• Exercise brief: Exactly as written, write out the lines below from the first to the one containing "Домстрой, компания по", inclusive. Pictures do not belong in the copy.

• Items from a dataset:
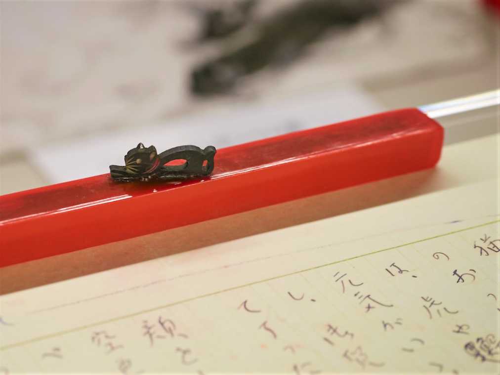 作品の横に猫の置き物がさりげなく置かれていたり、直筆原稿の文鎮をよく見るとここにも猫がいたり。見逃してしまいそうな展示ケースの中も猫でいっぱいです。
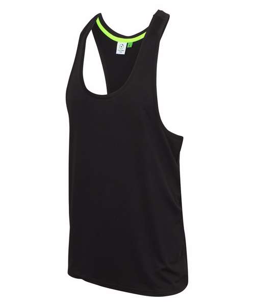 Shaped work out vest, lightweight soft hand feel fabric, self fabric binding, tear-out label.
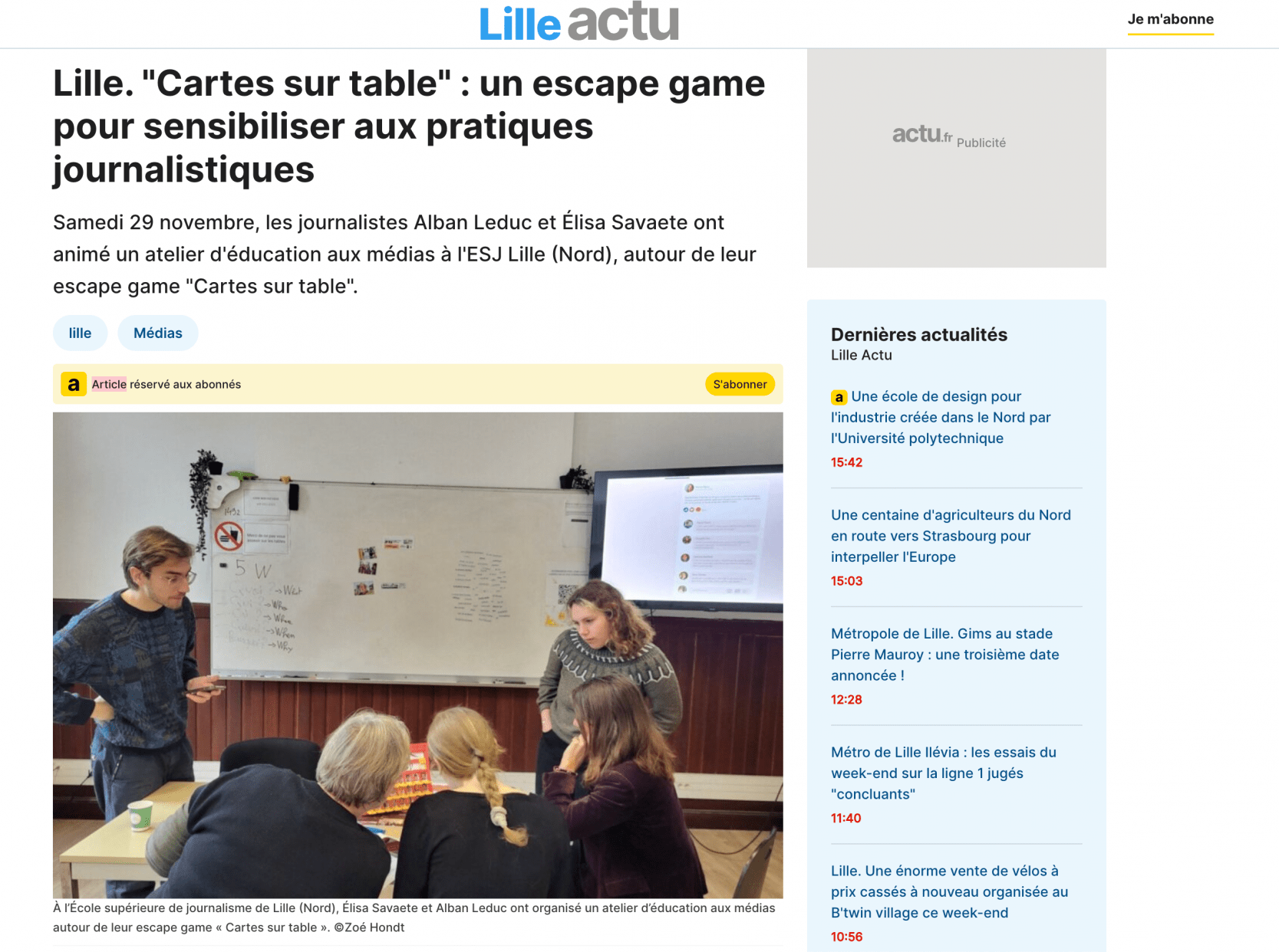 Pour découvrir l'article : https://actu.fr/hauts-de-france/lille_59350/lille-cartes-sur-table-un-escape-game-pour-sensibiliser-aux-pratiques-journalistiques_63517647.html
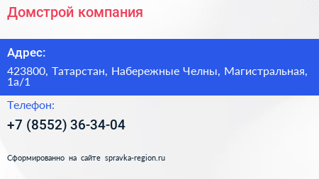 Домстрой, компания по адресу 423800, Татарстан, Набережные Челны, Магистральная, 1а/1 в дальнейшем Организация, размещена в следующих категориях:
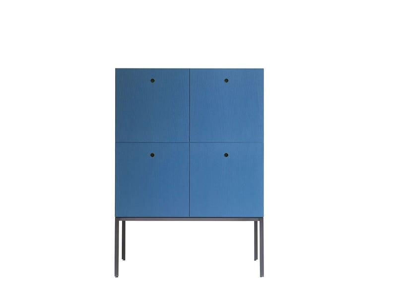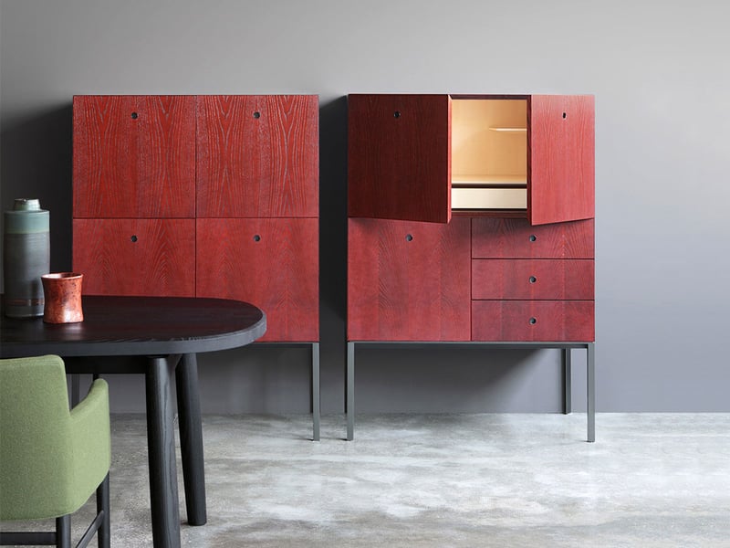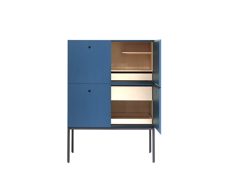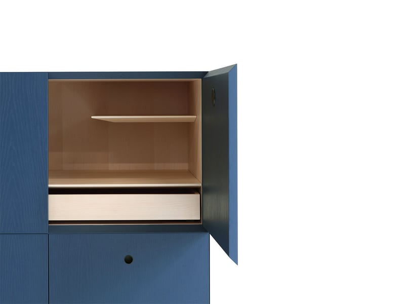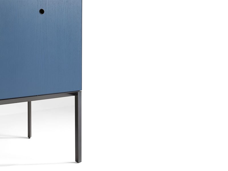 Realizzate in frassino lavorato a 45°, le strutture permettono la continuità visiva delle venature del legno su tutti i lati, esaltando la naturale bellezza del materiale. Gli interni in acero naturale contrastano elegantemente con l’esterno in frassino verniciato a poro aperto, disponibile nei sofisticati colori Offshore e Carminio. Il basamento in finitura Iron e le maniglie a incavo placcate in metallo completano l’equilibrio tra funzionalità e design.
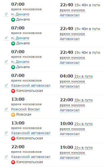 Каждый вторник и пятницу с м. Динамо в 7 утра отправляется транзитный рейс Москва-Брест. Прибытие на конечную остановку через 15 часов 40 минут, ориентировочный час 22.40.
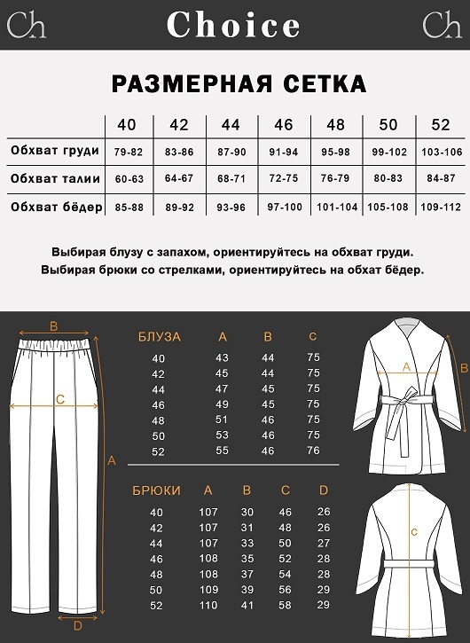 В комплект входят блуза с запахом и брюки со стрелками, элегантный костюм на любое время года станет отличным дополнением образа для врача и работника бьюти-индустрии.
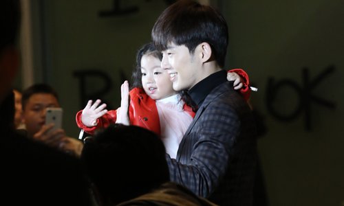 La "hija" Arale, cuyo verdadero nombre es Cui Yahan y el "padre" Dong Li, un atleta olímpico, saludan a sus fans en un evento celebrado en Shanghai el 9 de noviembre. Foto: IC
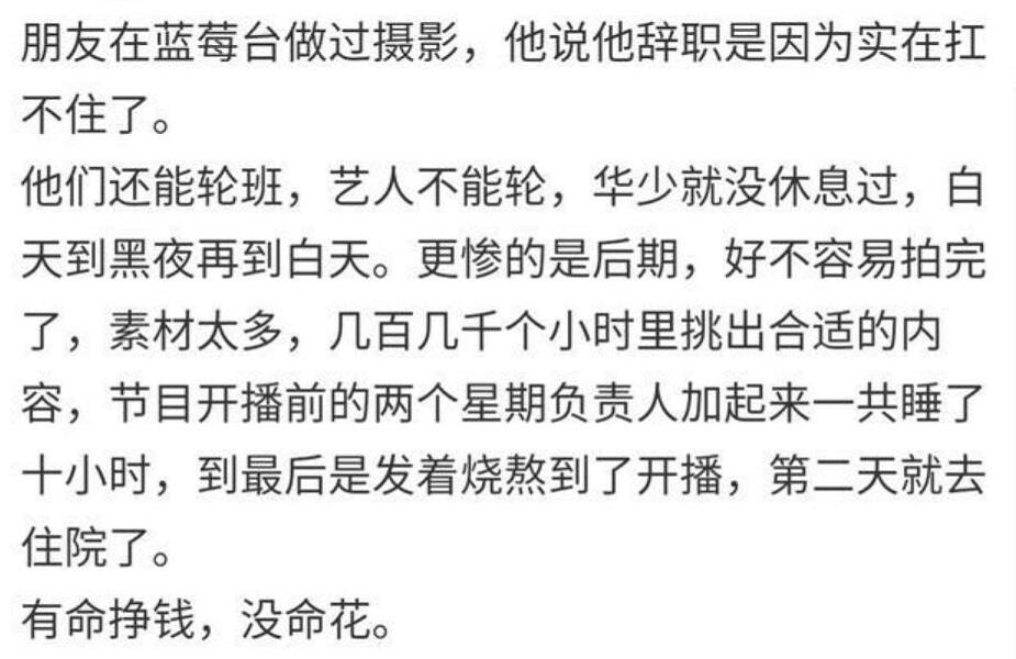 看了华少这样的发声之后,一句“离开并不是我选择的方法”,也是印证了此前网上传出《追我吧》节目组相关人员受到惩罚一事,想来作为主持人的华少也是难逃“开除”吧,不然华少就不会称“离开并不是自己选择的方法”了。
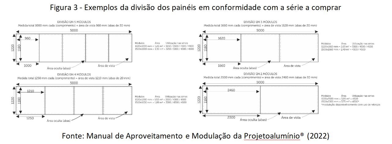 A divisão dos painéis de 5000mm de comprimento por três, ou seja, em três partes de 1666mm é a melhor solução técnica e pode ser aplicável na maioria das obras e séries 4300 e 4500. Esta divisão, além de ser otimizável no comprimento evitando perdas, é prática para instalação, pois os módulos são manuseados mais facilmente, principalmente em fachadas altas.
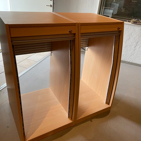 endast använd i studiomiljö så nästan i nytt skick. Rack i både vertikalt och horisontellt läge. https://www.thomann.se/flyht_pro_l_rack_12u_10u_profi_sf_wheels.htm
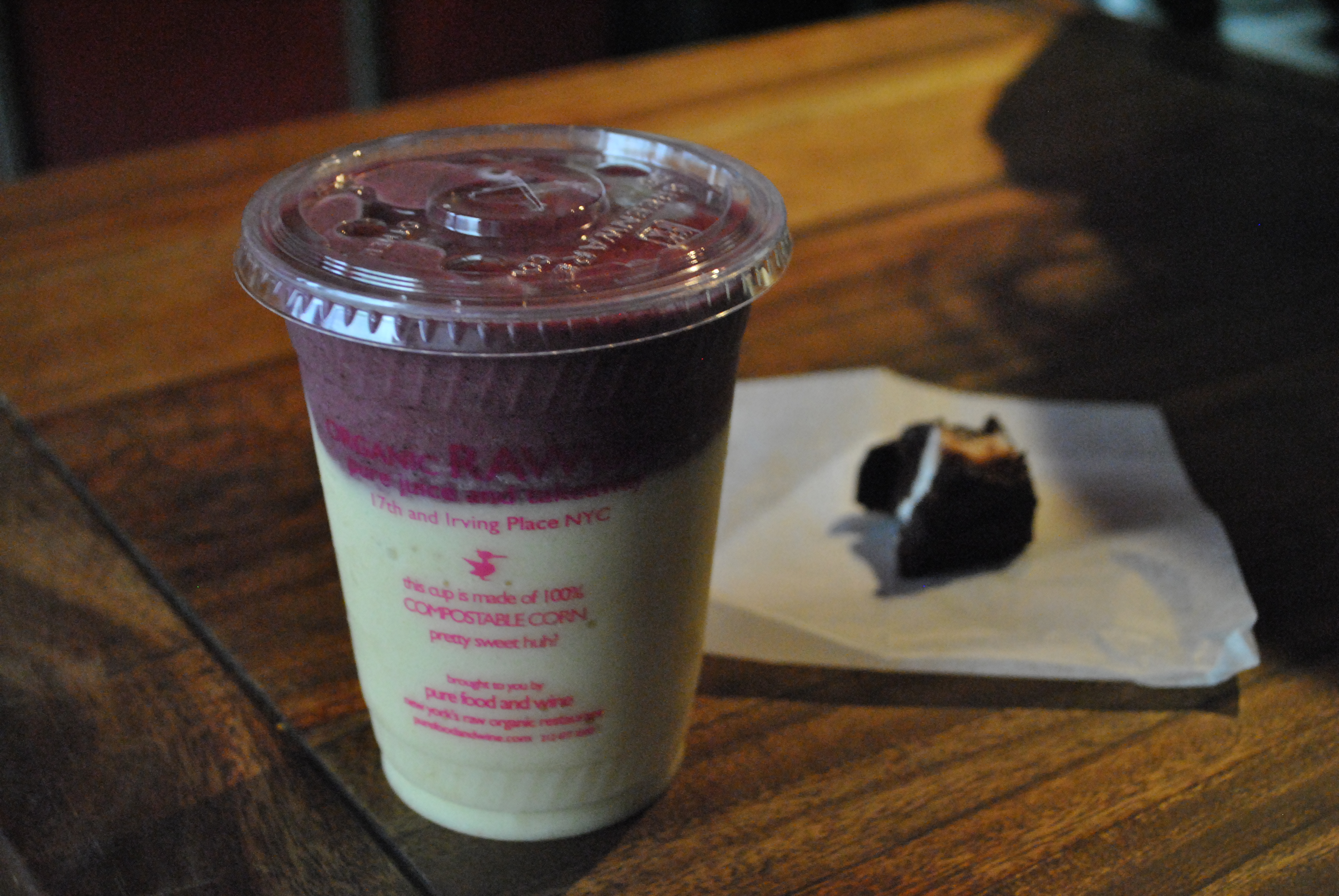 While in NYC this past weekend I dragged some of my friends to One Lucky Duck Juice & Takeaway Bar (I swear I’m not affiliated with them, just love it!). I got a Blue Sunset shake and a moon pie. It was pretty pricey, but well worth it for a once in a while splurge.
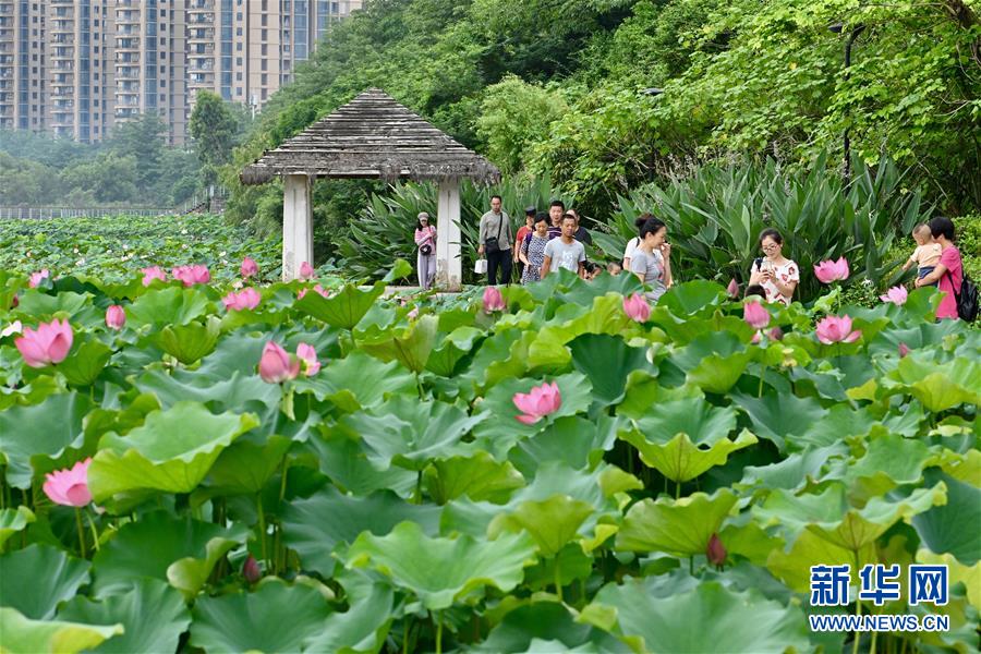 7月9日,福州金山公园内荷花竞相绽放,吸引游人赏荷休闲。 近日,福州各公园内的荷花进入盛花期,吸引游人前来赏荷、拍照。 新华社记者 姜克红 摄

• Output for this exercise:
 作品の横に猫の置き物がさりげなく置かれていたり、直筆原稿の文鎮をよく見るとここにも猫がいたり。見逃してしまいそうな展示ケースの中も猫でいっぱいです。
 Shaped work out vest, lightweight soft hand feel fabric, self fabric binding, tear-out label.
 Pour découvrir l'article : https://actu.fr/hauts-de-france/lille_59350/lille-cartes-sur-table-un-escape-game-pour-sensibiliser-aux-pratiques-journalistiques_63517647.html
 Домстрой, компания по адресу 423800, Татарстан, Набережные Челны, Магистральная, 1а/1 в дальнейшем Организация, размещена в следующих категориях:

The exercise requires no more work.